Sunday, October 25, 2009

DIARY 115 - Booking in my Face

Well, I've finally relented, persuaded by Janasalin, I've signed on to Facebook. From a distance it did all look quite superficial, and certainly can be treated that way. Some people seem rather too avidly in pursuit of clocking up a high number of 'friends.' So far I'm trying to stick to 'friending' people I have some form of connection with, ranging from light acquaintance to ardent buddies.

What I'm really enjoying is the simple networking aspect, hearing about others enthusiasms, or what's going on for them, what they're doing in the moment. It also means I can stay connected online with folks I sometimes don't see that often, like my Private Preceptor for instance. I'm not sure whether its meant to be used for anything other than this really,and that is fine by me.

Saturday, October 24, 2009

FEATURE 32 - Yoko Ono - Walking on Thin Ice

Yoko Ono's finest recorded moment, largely made prior to Lennon's assassination, it was polished up afterwards and released within weeks of his death.
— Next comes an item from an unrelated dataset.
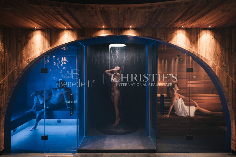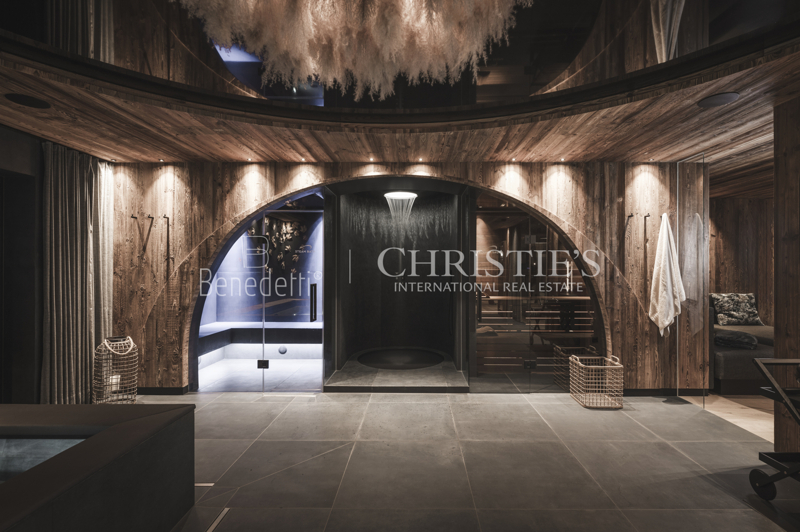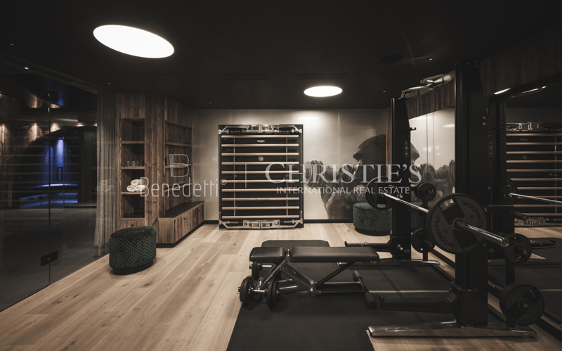 Im Untergeschoss befindet sich der wahre Wellnessbereich des Chalets: ein privater Spa-Bereich für pure Entspannung, ein ausgestatteter Fitnessraum sowie ein praktischer Abstellraum für Ski und Fahrräder – ideal für Liebhaber von Outdoor-Aktivitäten.
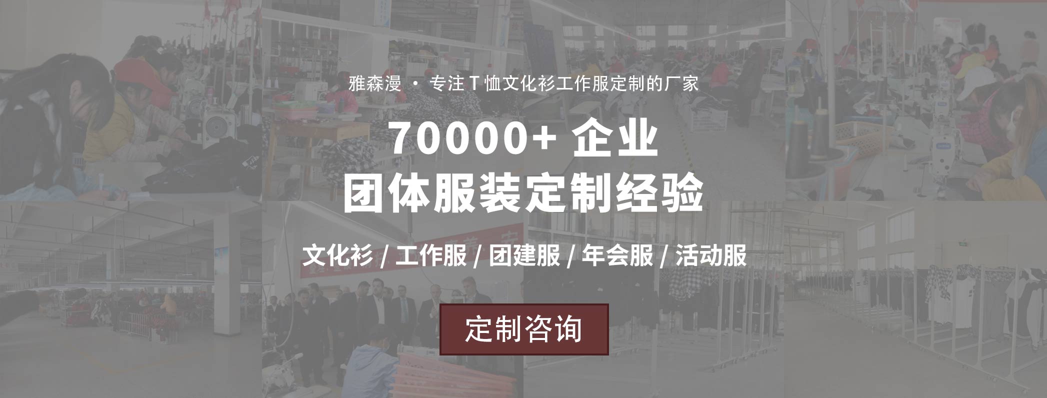 雅森漫是一家集设计、制版、生产、销售为一体的专业服装定制公司,秉承“统一着装,形象非凡”的理念,深耕文化衫、POLO衫、卫衣等团体服装定制领域超16年。公司拥有超2000平方米的自有生产基地,配备全自动裁床、数码印花机、智能缝制设备等先进生产线,年产能达200万件,可稳定承接大规模订单。雅森漫始终坚持以过硬的质量、优惠的价格和高效率的服务,站在客户角度着想,致力于为客户创造最大价值,因此赢得了包括众多知名企业在内超70000家客户的一致好评。

It is famous first for being Lennon's last ever recording, he plays the groaning shattering guitar that contributes to the songs brilliant fragility. It sounds like another universe is struggling to break through and be heard. This is one of the musical highlights of the Eighties, mostly overlooked at the time because it was Yoko Ono ( she who'll never be forgiven....), and the undoubted edginess to its sound and vocals. Though its danceable it doesn't create a comfortable ambiance, you wouldn't want to lose yourself in this landscape. Its far too cold and perilous a place to stay in.

There are a number of later dance remixes of this song available, one by The Pet Shop Boys, but all somewhat miss the point. Sure it has elements of a dance record, but it pushes the sonic barriers too, all that yelping, whispering slurred vocals, she knew what she was doing and its wasn't about producing pop pap. This video, however, isn't quite sure what it wants to be, part artless home video, part a memorial to a life cut short, part tender recollection, or clips of Yoko wandering aimlessly around the streets of New York. Compiled in the aftermath of the shooting, one can forgive herfor the maudlin sentimentality it exudes. But hey!! the music is still a gem.

FEATURE 31 - RuPaul's Drag Race

If you've not caught this yet, I recommend it to you. It's a competition to find the next Drag Superstar, from a draggle of hopefuls. The final is next week,but you can catch up on 4OD, if you feel inclined. I'm not usually one for reality based competitions, but this one has been real fun to watch, and also an object lesson in group dynamics. The bitchiness between Shannel and Rebbeca Glasscocks, where each projected their own base competiveness and shallowness onto the other. The often stunning costumes these guys conjure up. Moving moments such as Ongina breaking down in tears on winning a competition segment, and confessed her HIV Positive status. Of the final three - Rebbeca Glasscocks, Nina Flowers and Bebe, its really between the latter two. Nina Flowers is my personal favorite, because her style and appearance is just so startling and unique. But there is still all to play for in this Drag Race.

Friday, October 23, 2009

DIARY 114 - Abandoning Covetousness

After a few weekends of being frustrated with myself for not being in the mood to be creative in any way shape or form, last week I decided to try not trying to do anything in particular. I spent the entire weekend doing small domestic things, nothing of any great note, and felt somehow all the better for it. It may be that my previous self-enforced pressure was freezing the bollocks off my artistic juices. My meditation practice that weekend responded accordingly, with concentration going deeper than it has for sometime.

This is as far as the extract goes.